- **What you should do**
Nothing outside the range below should be printed. Output exactly the lines from the line with "新メニューも気になりましたが" to the line with "What do you", both included.

-=-=-=-=-

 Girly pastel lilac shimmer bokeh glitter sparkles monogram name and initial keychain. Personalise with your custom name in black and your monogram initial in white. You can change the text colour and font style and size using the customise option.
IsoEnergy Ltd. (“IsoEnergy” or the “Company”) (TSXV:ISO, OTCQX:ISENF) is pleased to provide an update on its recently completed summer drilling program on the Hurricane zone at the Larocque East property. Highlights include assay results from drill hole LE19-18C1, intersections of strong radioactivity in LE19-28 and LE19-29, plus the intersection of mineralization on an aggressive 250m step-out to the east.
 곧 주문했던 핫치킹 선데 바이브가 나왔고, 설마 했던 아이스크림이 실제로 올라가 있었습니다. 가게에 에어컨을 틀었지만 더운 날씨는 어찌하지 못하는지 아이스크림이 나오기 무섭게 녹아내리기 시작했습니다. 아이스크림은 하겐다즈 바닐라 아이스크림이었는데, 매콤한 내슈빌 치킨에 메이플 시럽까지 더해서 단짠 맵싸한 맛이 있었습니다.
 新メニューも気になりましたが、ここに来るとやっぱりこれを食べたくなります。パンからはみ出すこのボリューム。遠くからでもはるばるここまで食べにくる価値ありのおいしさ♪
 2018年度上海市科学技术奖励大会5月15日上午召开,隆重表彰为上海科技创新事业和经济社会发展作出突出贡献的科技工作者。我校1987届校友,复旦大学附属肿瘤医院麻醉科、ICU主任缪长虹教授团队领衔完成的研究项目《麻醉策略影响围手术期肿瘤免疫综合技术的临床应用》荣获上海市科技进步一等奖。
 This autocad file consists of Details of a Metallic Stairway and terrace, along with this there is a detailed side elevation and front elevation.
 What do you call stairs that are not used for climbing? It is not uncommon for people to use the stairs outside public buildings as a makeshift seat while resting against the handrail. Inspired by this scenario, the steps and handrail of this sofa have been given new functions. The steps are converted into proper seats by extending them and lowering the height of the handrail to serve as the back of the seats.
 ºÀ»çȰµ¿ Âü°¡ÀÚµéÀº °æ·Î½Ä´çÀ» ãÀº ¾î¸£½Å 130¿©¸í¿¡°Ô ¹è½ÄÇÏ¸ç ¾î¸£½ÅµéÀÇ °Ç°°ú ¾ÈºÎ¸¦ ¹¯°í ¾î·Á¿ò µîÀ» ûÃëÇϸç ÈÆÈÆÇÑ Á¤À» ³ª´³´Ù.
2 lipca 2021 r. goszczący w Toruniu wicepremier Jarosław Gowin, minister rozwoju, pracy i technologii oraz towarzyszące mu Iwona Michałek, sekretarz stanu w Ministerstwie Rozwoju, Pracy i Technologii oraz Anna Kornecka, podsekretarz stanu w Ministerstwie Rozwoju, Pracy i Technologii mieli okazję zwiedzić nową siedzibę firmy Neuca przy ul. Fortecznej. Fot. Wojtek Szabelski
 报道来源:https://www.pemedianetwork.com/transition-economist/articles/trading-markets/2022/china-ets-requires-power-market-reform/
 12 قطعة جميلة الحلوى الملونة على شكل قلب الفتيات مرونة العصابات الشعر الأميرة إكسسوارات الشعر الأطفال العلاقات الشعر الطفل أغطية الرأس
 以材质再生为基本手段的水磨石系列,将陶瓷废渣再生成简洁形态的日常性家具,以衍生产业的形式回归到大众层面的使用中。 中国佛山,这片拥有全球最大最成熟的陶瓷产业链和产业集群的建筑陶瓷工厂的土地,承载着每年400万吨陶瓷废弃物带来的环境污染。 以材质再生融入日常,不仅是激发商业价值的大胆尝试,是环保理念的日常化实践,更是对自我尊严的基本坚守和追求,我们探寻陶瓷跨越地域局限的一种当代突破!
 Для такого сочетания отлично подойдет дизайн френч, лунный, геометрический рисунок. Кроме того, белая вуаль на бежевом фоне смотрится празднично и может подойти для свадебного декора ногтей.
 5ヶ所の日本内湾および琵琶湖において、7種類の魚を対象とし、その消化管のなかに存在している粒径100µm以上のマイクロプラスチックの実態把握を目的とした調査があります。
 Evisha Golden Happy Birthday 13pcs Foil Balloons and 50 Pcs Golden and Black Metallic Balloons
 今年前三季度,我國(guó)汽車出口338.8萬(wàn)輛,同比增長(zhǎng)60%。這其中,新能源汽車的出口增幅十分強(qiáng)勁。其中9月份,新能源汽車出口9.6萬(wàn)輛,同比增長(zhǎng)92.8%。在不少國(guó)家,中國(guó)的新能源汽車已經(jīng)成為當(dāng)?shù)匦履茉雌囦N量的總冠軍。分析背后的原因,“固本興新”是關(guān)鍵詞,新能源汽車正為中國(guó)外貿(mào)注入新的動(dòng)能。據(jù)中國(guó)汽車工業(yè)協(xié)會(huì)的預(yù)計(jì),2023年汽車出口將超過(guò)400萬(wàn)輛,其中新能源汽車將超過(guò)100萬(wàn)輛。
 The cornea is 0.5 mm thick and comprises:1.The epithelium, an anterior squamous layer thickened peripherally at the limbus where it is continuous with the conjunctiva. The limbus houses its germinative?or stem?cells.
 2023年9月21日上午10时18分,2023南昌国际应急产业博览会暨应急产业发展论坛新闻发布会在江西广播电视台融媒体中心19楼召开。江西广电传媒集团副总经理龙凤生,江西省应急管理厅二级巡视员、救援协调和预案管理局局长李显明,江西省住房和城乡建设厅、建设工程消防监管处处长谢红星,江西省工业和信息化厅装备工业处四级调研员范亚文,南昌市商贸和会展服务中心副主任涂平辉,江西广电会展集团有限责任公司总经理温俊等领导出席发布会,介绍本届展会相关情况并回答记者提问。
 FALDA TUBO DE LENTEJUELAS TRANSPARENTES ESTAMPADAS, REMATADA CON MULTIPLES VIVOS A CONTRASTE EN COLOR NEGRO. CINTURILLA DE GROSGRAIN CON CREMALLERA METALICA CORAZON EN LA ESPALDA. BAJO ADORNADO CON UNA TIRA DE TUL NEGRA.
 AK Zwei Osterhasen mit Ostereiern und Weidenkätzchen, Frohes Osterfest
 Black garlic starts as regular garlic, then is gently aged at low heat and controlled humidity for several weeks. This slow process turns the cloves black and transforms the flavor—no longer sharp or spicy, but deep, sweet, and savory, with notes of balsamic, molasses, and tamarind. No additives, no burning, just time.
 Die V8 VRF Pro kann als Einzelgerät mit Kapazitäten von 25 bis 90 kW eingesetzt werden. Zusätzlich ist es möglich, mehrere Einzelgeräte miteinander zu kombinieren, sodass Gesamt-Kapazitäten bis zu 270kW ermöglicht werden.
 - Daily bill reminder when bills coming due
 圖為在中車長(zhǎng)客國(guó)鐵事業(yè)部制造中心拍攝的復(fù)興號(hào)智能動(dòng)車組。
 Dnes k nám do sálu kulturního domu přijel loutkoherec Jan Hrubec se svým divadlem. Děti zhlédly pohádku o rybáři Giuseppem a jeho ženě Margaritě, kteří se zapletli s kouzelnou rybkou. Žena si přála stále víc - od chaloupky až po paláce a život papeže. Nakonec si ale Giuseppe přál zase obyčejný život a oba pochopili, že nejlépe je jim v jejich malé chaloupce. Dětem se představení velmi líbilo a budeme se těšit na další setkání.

-=-=-=-=-

- **Result of the task**
 新メニューも気になりましたが、ここに来るとやっぱりこれを食べたくなります。パンからはみ出すこのボリューム。遠くからでもはるばるここまで食べにくる価値ありのおいしさ♪
 2018年度上海市科学技术奖励大会5月15日上午召开,隆重表彰为上海科技创新事业和经济社会发展作出突出贡献的科技工作者。我校1987届校友,复旦大学附属肿瘤医院麻醉科、ICU主任缪长虹教授团队领衔完成的研究项目《麻醉策略影响围手术期肿瘤免疫综合技术的临床应用》荣获上海市科技进步一等奖。
 This autocad file consists of Details of a Metallic Stairway and terrace, along with this there is a detailed side elevation and front elevation.
 What do you call stairs that are not used for climbing? It is not uncommon for people to use the stairs outside public buildings as a makeshift seat while resting against the handrail. Inspired by this scenario, the steps and handrail of this sofa have been given new functions. The steps are converted into proper seats by extending them and lowering the height of the handrail to serve as the back of the seats.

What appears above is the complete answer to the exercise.